Transfection of Eukaryotic hosts

Answer 15

• introduction of DNA into mammalian cells
• mammalian cells can be transfected by adding DNA in combination with a variety of cationic carriers that bind to and protect DNA due to their positive charges
• in animal cells DNA can be taken up by:
  1. Phagocytosis
  2. Microinjection (DNA injected with a micropipette directly into the nucleus)
  3. Electroporation is also used: pulsed fields in the presence of cloned DNA create small pores in the cytoplasmic membrane

4. Microprojectile gun (gene gun): uses a propellant such as helium to fire DNA coated particles through a small steel cylinder at target cells, pierces the cell membrane but does not kill the cell
   The gene gun can be used to get DNA into intact tissues, mitochondria and chloroplasts (not possible with electroporation)

Question 16

Shuttle and expression vectors

Answer 16

• Shuttle vectors:
  vectors that replicate and are stably maintained in two or more unrelated hosts
  genes can be moved between unrelated organisms, eg. move genes between ecoli and yeast
  two ORIs created as Eukaryote and Prokaryote ORIs are different
  shuttle vectors in eukaryotes must contain a segment of DNA from the centromere in order to be properly distributed between cells during mitosis (spindle fibres pull apart)
  The yeast centromere recognition sequence (CEN) is short and easily inserted into shuttle vectors
  As AB markers cannot be used in yeast, host strains that are defective in a purine or pyrimidine base are used instead - eg URA3 gene needed for synthesis of uracil, yeast will not grow on a uracil absent medium unless it gains a copy of the shuttle vector
• Expression vectors:
  allow the experimenter to control expression of cloned genes
  contain regulatory sequences that allow manipulation of gene expression, control is usually transcriptional.
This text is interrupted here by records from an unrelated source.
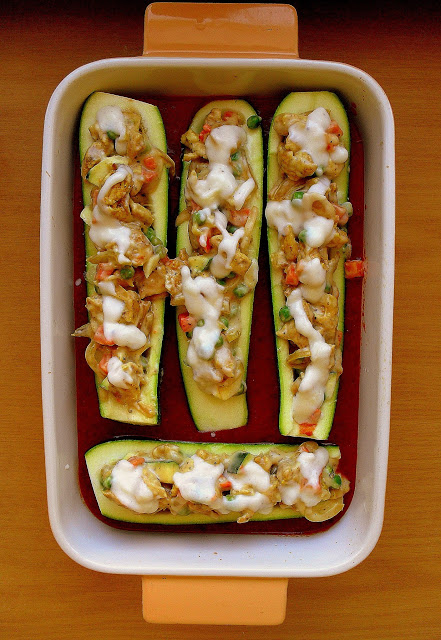Na moim blogu znajdziecie mnóstwo przepisów na faszerowane warzywa, bo jest to jedna z moich ulubionych propozycji obiadowych. Bardzo lubię za każdym razem wymyślać nowe nadzienie, dzięki temu tak przygotowane warzywa nigdy mi się nie znudzą. Dziś proste i przepyszne faszerowane cukinie z kurczakiem w kremowym sosie beszamelowym. Są pyszne
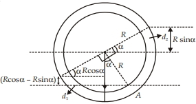 $\left( {R\cos \alpha + R\sin \alpha } \right){d_2}g = \left( {R\cos \alpha - R\sin \alpha } \right){d_1}g$
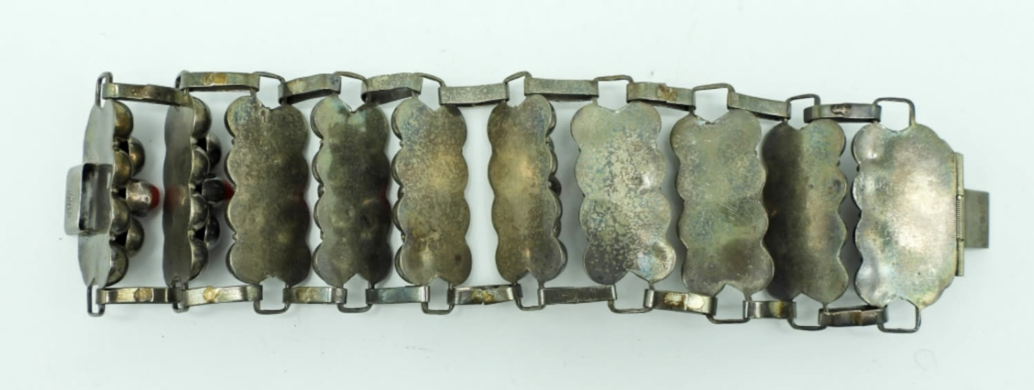 27.5DWT, 7 1/2″ LONG, BOXED CLASP, CORAL ROUND BEADS ARE IN THE MIDDLE, STAMPED MEXICO 925 ON THE BACK

This is because high levels of expression are essential for high levels of mRNA. Good transcription requires strong promotors that bind RNA pol efficiently. Expression vectors must contain a promotor that functions efficiently in the host and is correctly positioned to drive transcription of the cloned gene.
  Common promotors are the lac operon, trp, tac and trc and lambda PL (ecoli)

Question 17

Regulation of transcription from expression vectors

Answer 17

• high levels of expression and foreign protein may damage the host cell
• cloned genes can be regulated by:

Repressors
(when transcription is required, an inducer is added)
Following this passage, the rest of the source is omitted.